## DATA
=== Section Start ===

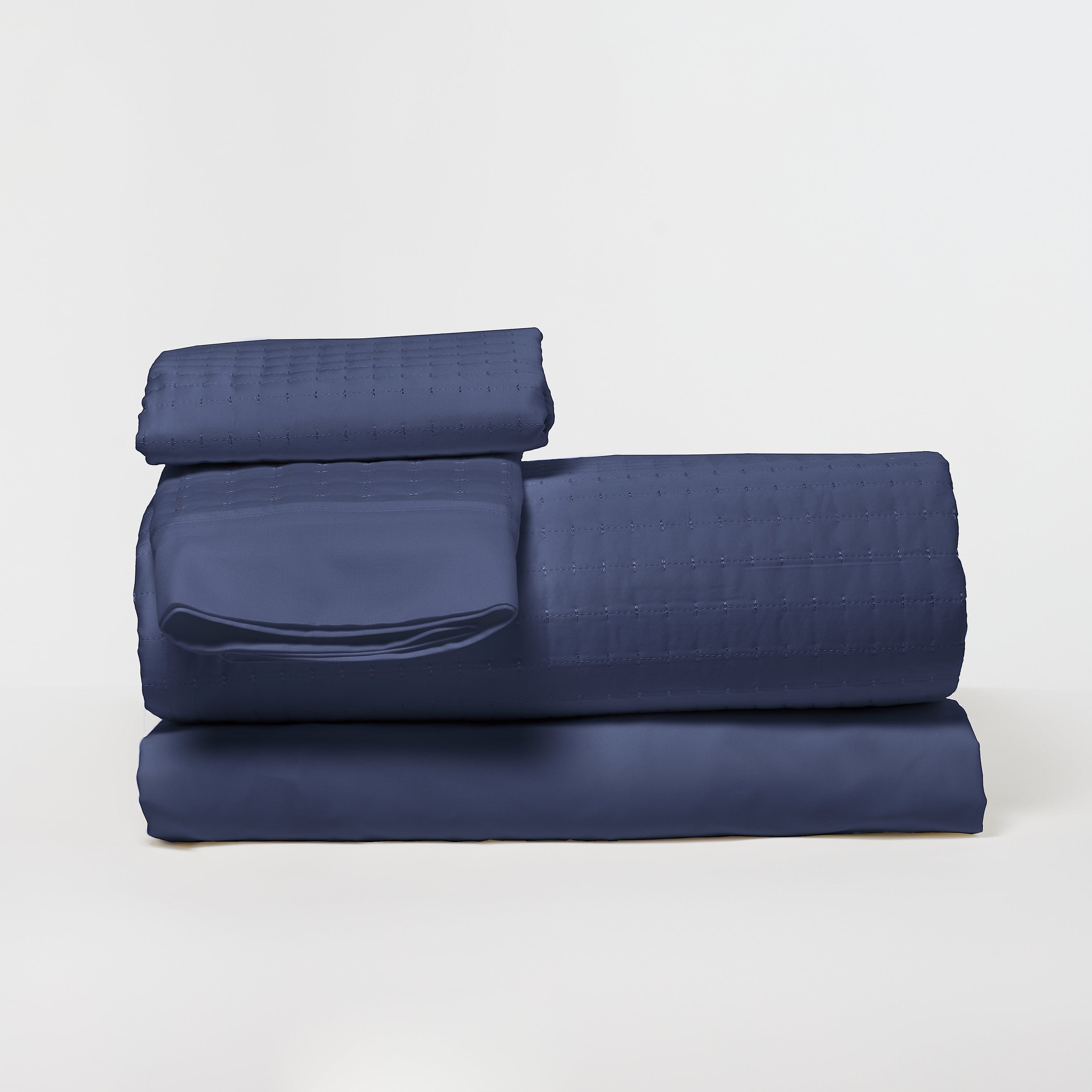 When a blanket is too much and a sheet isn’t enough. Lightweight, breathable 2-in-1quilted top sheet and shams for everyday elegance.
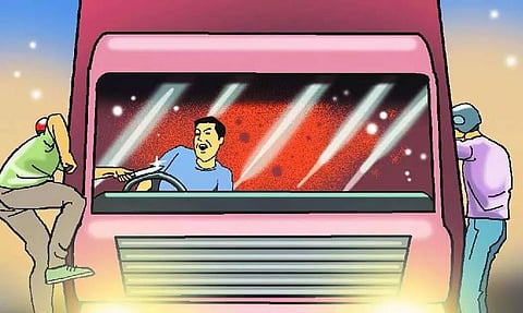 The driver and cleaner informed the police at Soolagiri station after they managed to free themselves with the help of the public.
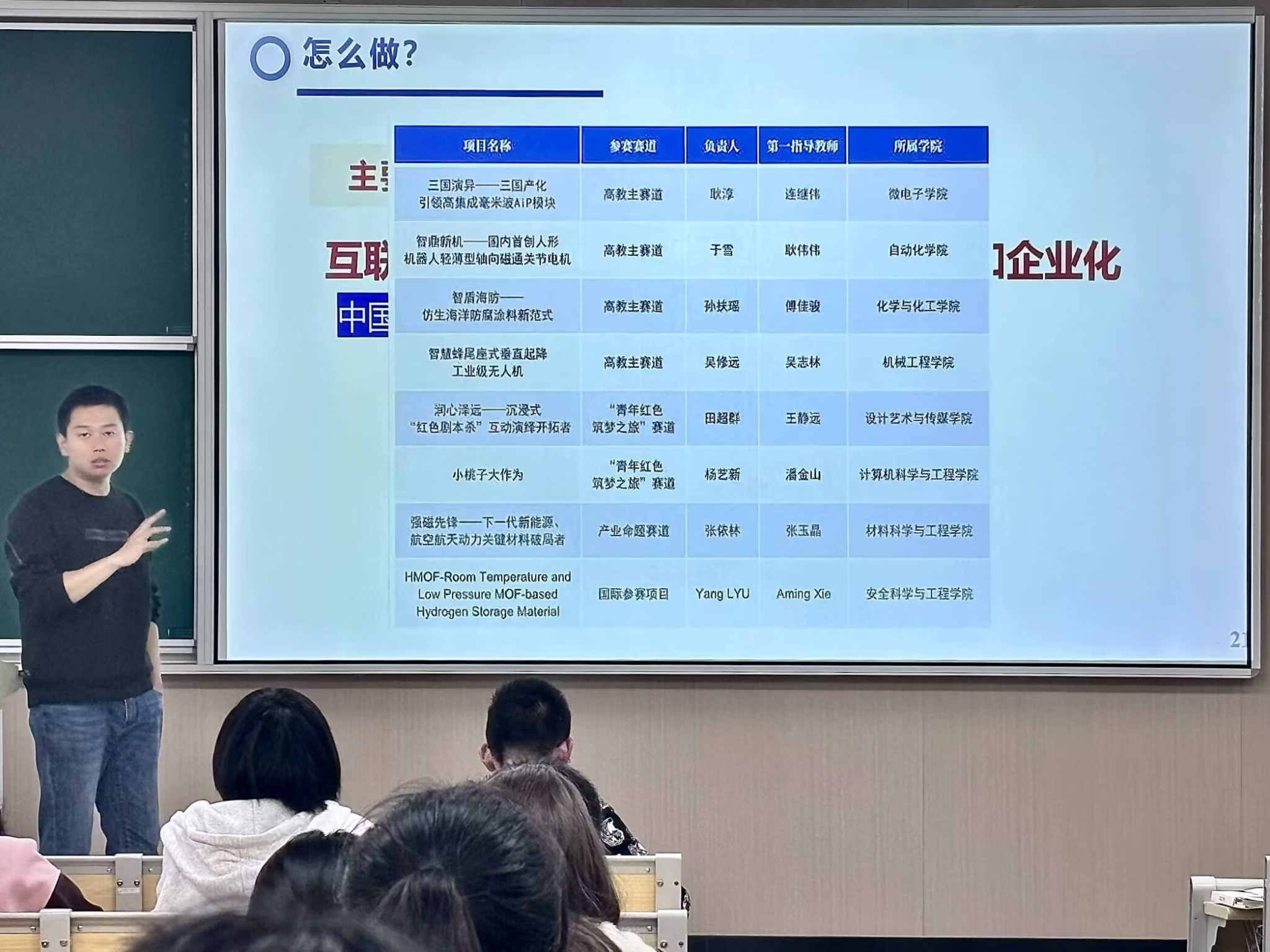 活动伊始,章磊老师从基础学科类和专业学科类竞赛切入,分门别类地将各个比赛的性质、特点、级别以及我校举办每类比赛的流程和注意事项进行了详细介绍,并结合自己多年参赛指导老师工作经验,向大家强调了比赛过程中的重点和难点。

=== Section End ===

## DIRECTIONS FOR THIS TASK
The response is to contain exactly the lines from the beginning of the data through the line containing "The driver and", both ends included, and nothing else; omit the pictures.

## RESPONSE FOR THIS EXERCISE
 When a blanket is too much and a sheet isn’t enough. Lightweight, breathable 2-in-1quilted top sheet and shams for everyday elegance.
 The driver and cleaner informed the police at Soolagiri station after they managed to free themselves with the help of the public.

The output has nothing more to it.